_Brief:_ Print the lines from the one containing "Extreme macro of" through the end of the listing below, exactly as written. Any pictures stay out.

_Provided entries:_
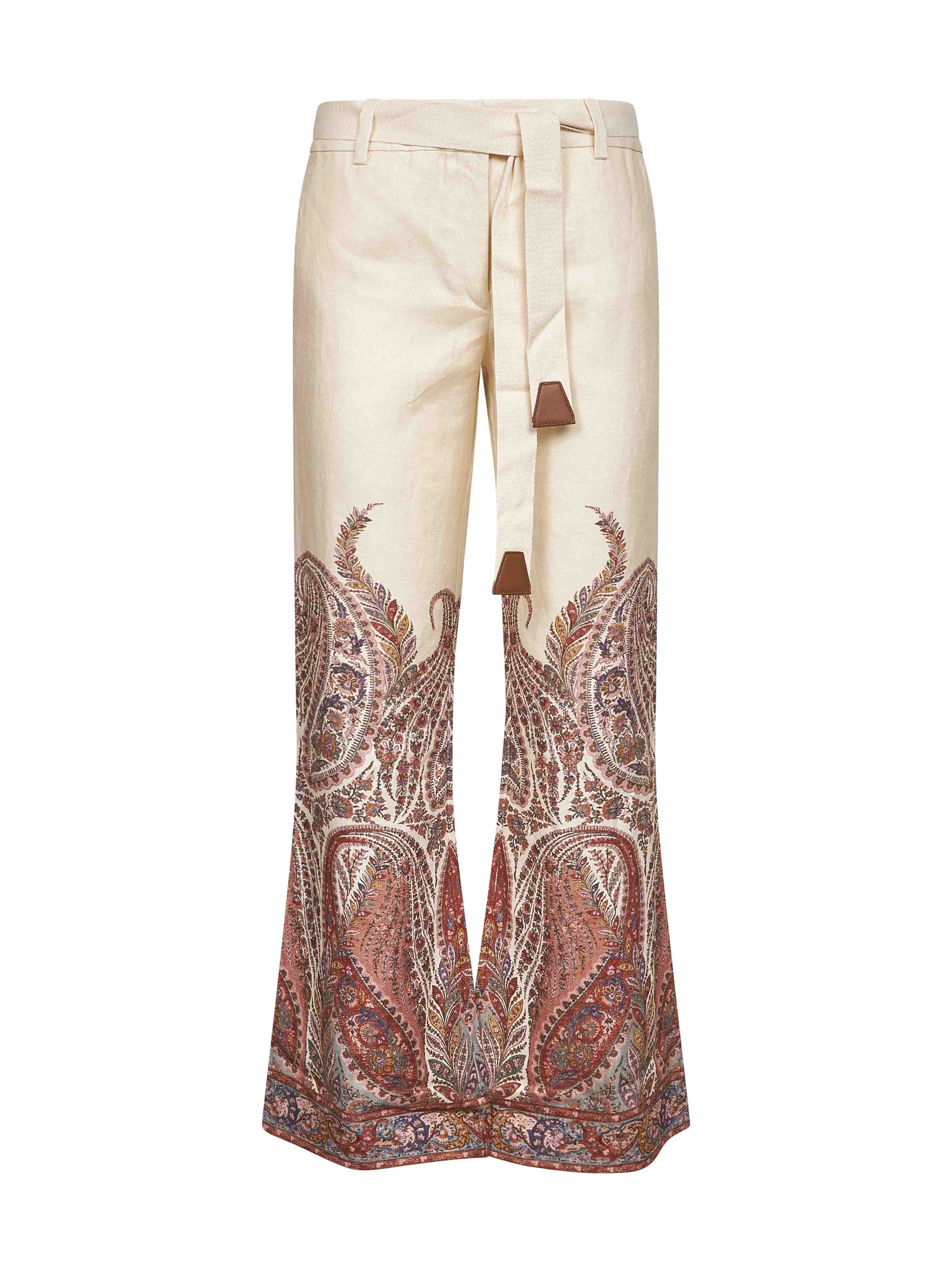 Zimmermann Women Cream Paisley Linen Rhiannon Flared Trousers
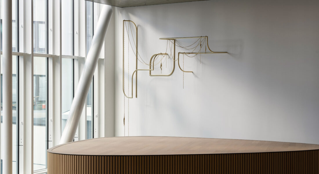 Painokuvio julkisivulaseissa ja veistosinstallaatio Sillalla.
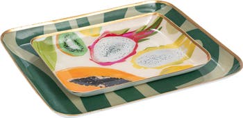 Fruit and Abstract Enameled Metal Trays, Set of 2
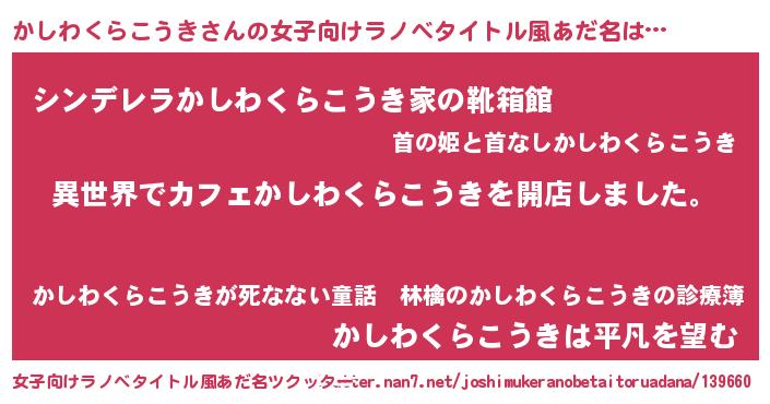 | ヘコむあだ名 | 『かしわくらこうき(笑)』『かしお』 |
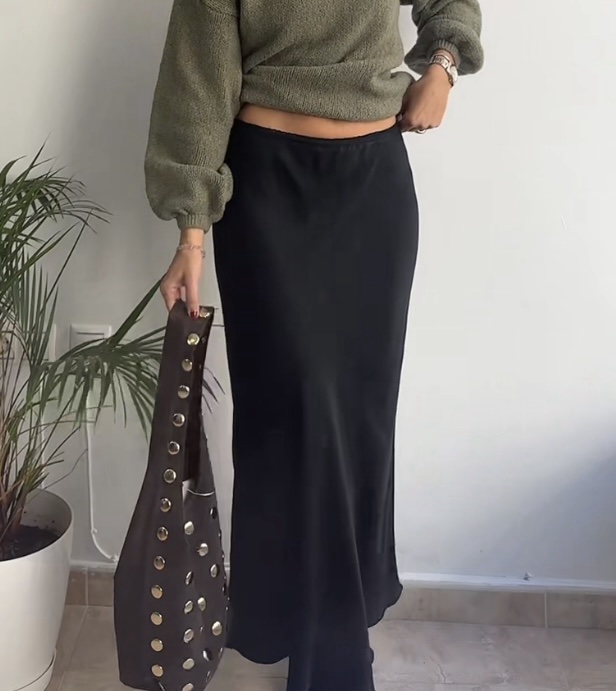 Falda satén negra
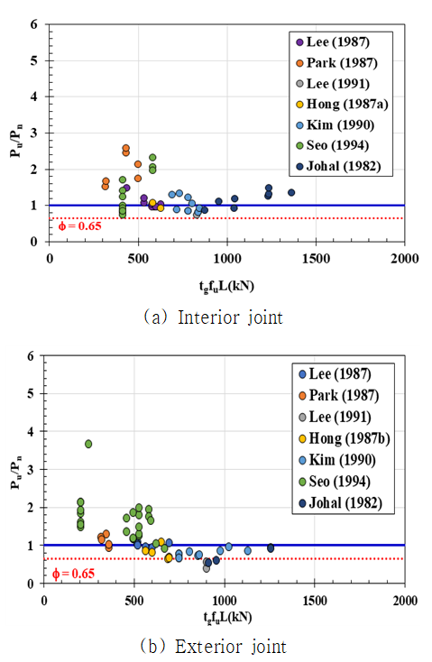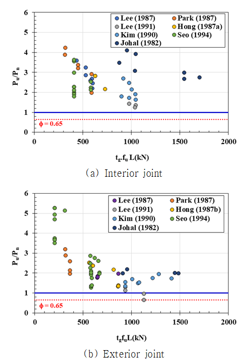 비($P_{u}/P_{n}$)는 0.53~1.31로서 분산 정도가 가장 작아 실험내력을 가장 근사하게 예측하는 것으로 나타났다. 반면에 외부접합부에서는
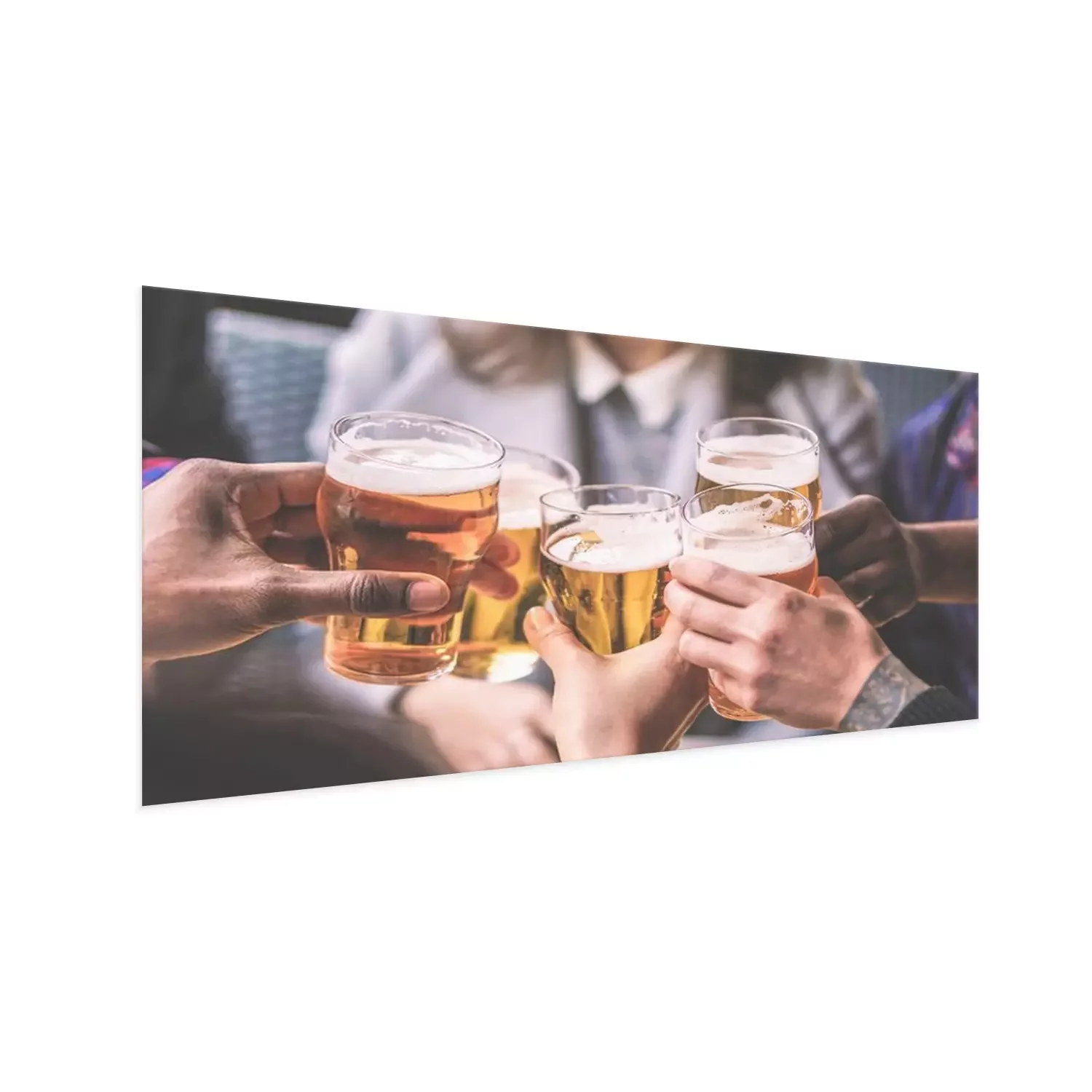 Poster : Group of friends enjoying a beer glasses in brewery english pub - Young people cheering at bar restaurant - Friendship and youth concept - Warm vintage filter - Main focus on left black hand
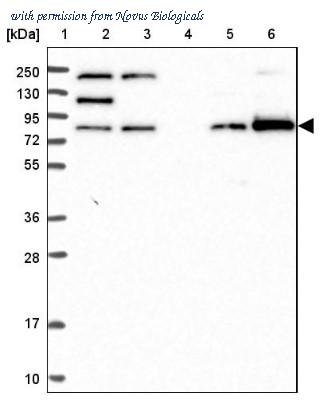 Western Blot: ANKRD13A Antibody [NBP2-38505] - Lane 1: Marker [kDa] 250, 130, 95, 72, 55, 36, 28, 17, 10. Lane 2: Human cell line RT-4. Lane 3: Human cell line U-251MG. Lane 4: Human Plasma. Lane 5: Human liver tissue. Lane 6: Human tonsil tissue
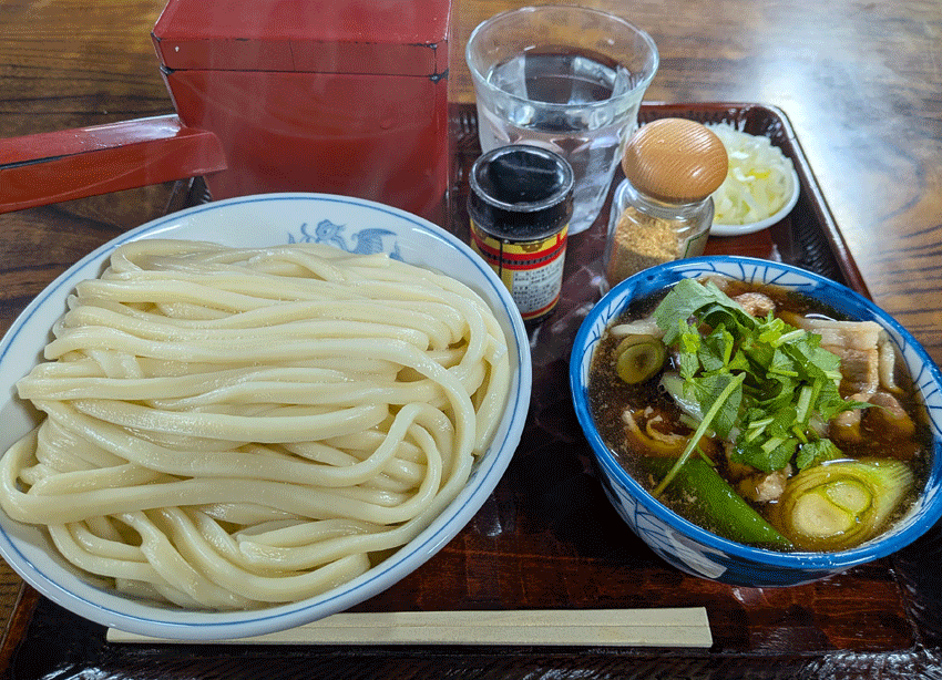 そしてうまい。美味すぎる。コシの強いうどんと味濃いめのつけ汁&具材。開店前こら行列が出来るのも納得のお味でした。最高。ごちそうさまでした。
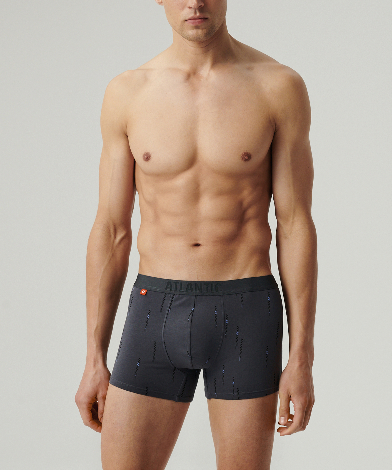 Набор из 3 шт. мужских трусов-шорт Atlantic черные, светло-голубые, графитовые цвета. Мужские однотонные трусы-шорты 3MH-210 от польского бренда Atlantic на каждый день: превосходно подойдут абсолютно любому мужчине как для повседневной носки, так и для активного занятия спортом (например, бега, фитнеса, физических или силовых нагрузок). Анатомически выверенный спортивный крой этой модели гарантирует идеальную посадку по фигуре и максимальный комфорт. Внешняя пришивная резинка не давит, не скручивается и не натирает при носке. Облегающие мужские трусы шорты имеют среднюю линию талии, штанины стандартной длины и профилированный гульфик, поэтому могут подойти к любому типу одежды. В составе используется мягкий, приятный на ощупь хлопок в сочетании с эластаном. Трикотажное хлопковое полотно является прочным материалом, устойчивым к высоким температурам и растяжению, благодаря чему нижнее белье надолго сохраняет свой внешний вид и потребительские свойства. Резинка из микрофибры и объемным названием бренда обеспечивает приятные тактильные ощущения для кожи. Нижнее белье Атлантик будет превосходным подарком для мужчин всех возрастов: молодым парням и подросткам подойдут модели нижнего белья в яркой цветовой гамме и с паттерном или рисунком, более взрослым мужчинам - нижнее белье в сдержанных или строгих цветах, хотя иногда можно нарушить правила и поэкспериментировать. Кроме того, в нашем интернет-магазине Вы сможете приобрести трусы шорты Атлантик 3MH-210 из наличия по самым выгодным ценам. Широкая размерная сетка с самыми популярными (от S до XXL) и большими (3XL, 4XL) размерами, а также стильная фирменная упаковка нашего нижнего белья помогут однозначно сделать Вам верный выбор!
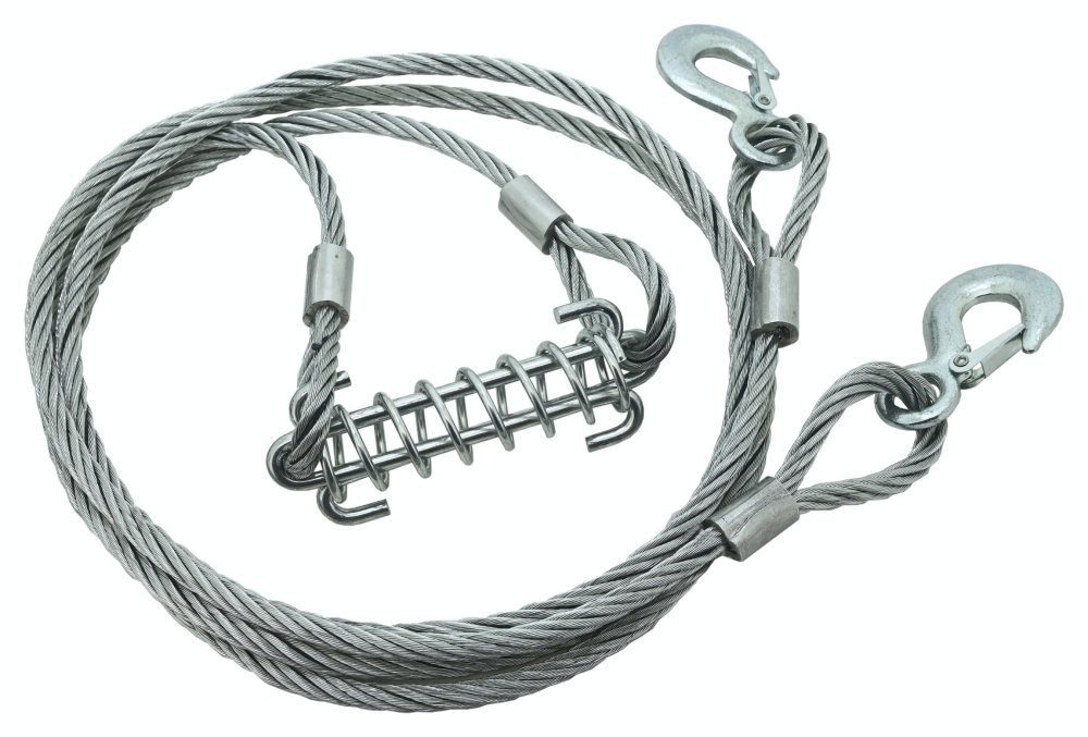 Ocelové lano s háky a pružinou pro tlumení rázů, je navrženo pro spolehlivé a bezpečné vyproštění vozidel.
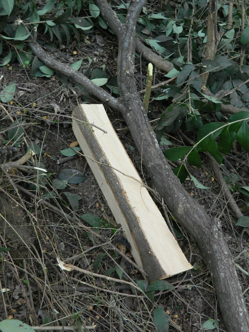 La madera utilizada lleva apenas dos años de secado en condiciones naturales, sin atravesar los procesos habituales de fraccionamiento y estabilización propios del material destinado al mercado. Sabemos que se deformará y continuará su curso de transformación incluso una vez convertida en objeto.
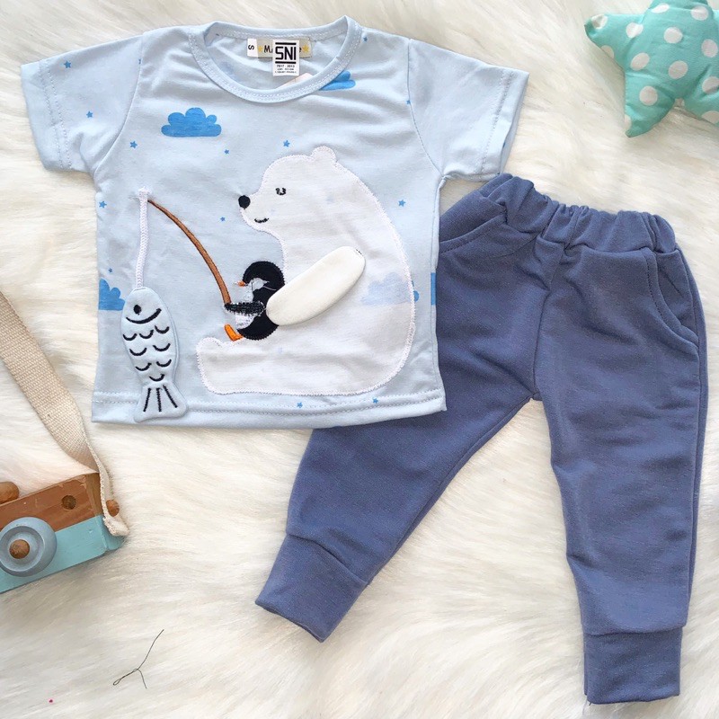 DP 0 setelan jogger anak laki laki 13 tahun polar bear blue dino jogger set kaos lengan pendek jogger panjang balita laki laki
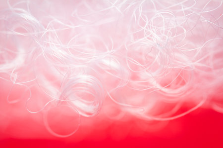 Extreme macro of polyester stable fiber on red background. Selective focus, shallow depth of field. Abstract dreamy background
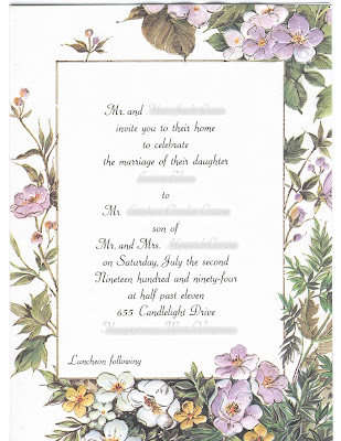 My cousin's daughter, who was at our wedding as a young child way back when, is getting married today.
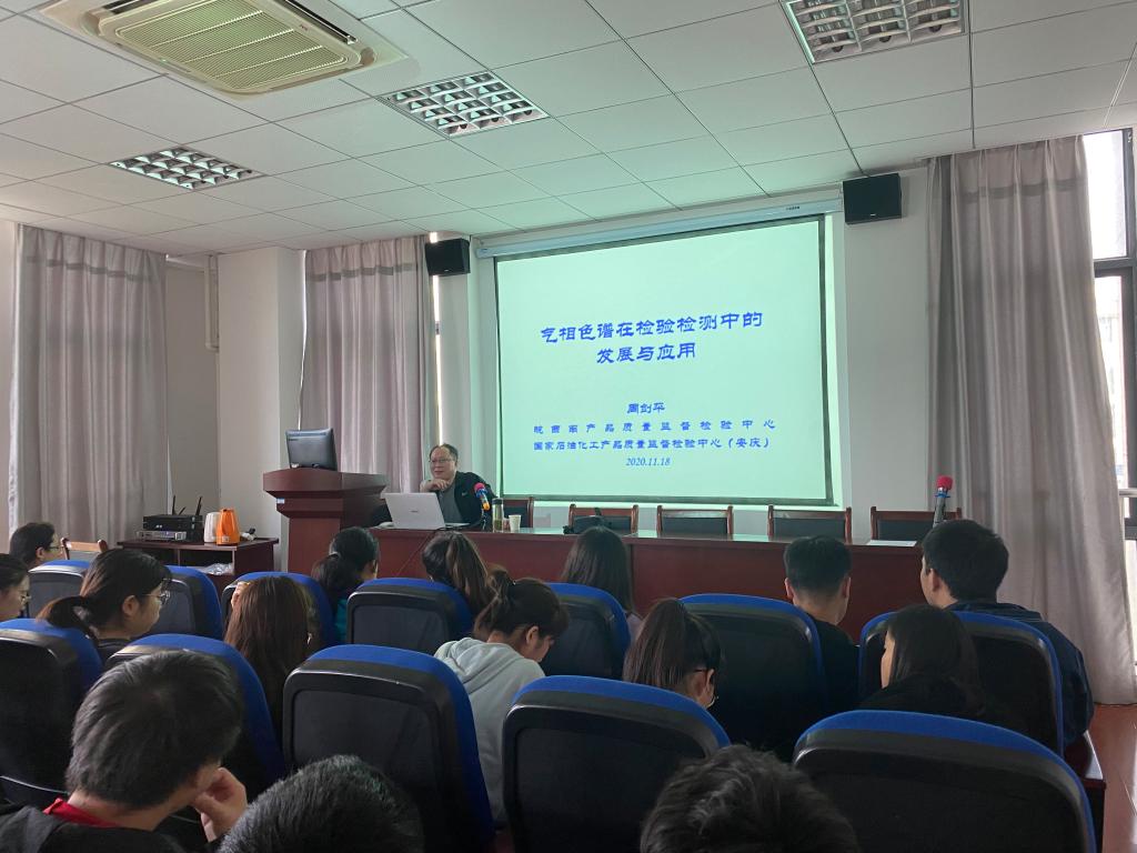 11月18日下午2:30,皖西南产品质量监督检验中心高级工程师周剑平在龙山校区G楼202学术报告厅作了题为“气相色谱在检验检测中的发展与应用”的学术讲座。suncitygroup太阳新城全体研究生、动植物检疫专业本科生和部分教师聆听了报告。报告由suncitygroup太阳新城穆丹博士主持。
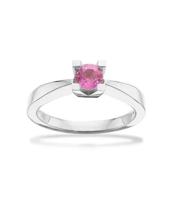 14 karat hvidguld ring med en pink safir på 0,40 carat.

_Output of the exercise:_
 Extreme macro of polyester stable fiber on red background. Selective focus, shallow depth of field. Abstract dreamy background
 My cousin's daughter, who was at our wedding as a young child way back when, is getting married today.
 11月18日下午2:30,皖西南产品质量监督检验中心高级工程师周剑平在龙山校区G楼202学术报告厅作了题为“气相色谱在检验检测中的发展与应用”的学术讲座。suncitygroup太阳新城全体研究生、动植物检疫专业本科生和部分教师聆听了报告。报告由suncitygroup太阳新城穆丹博士主持。
 14 karat hvidguld ring med en pink safir på 0,40 carat.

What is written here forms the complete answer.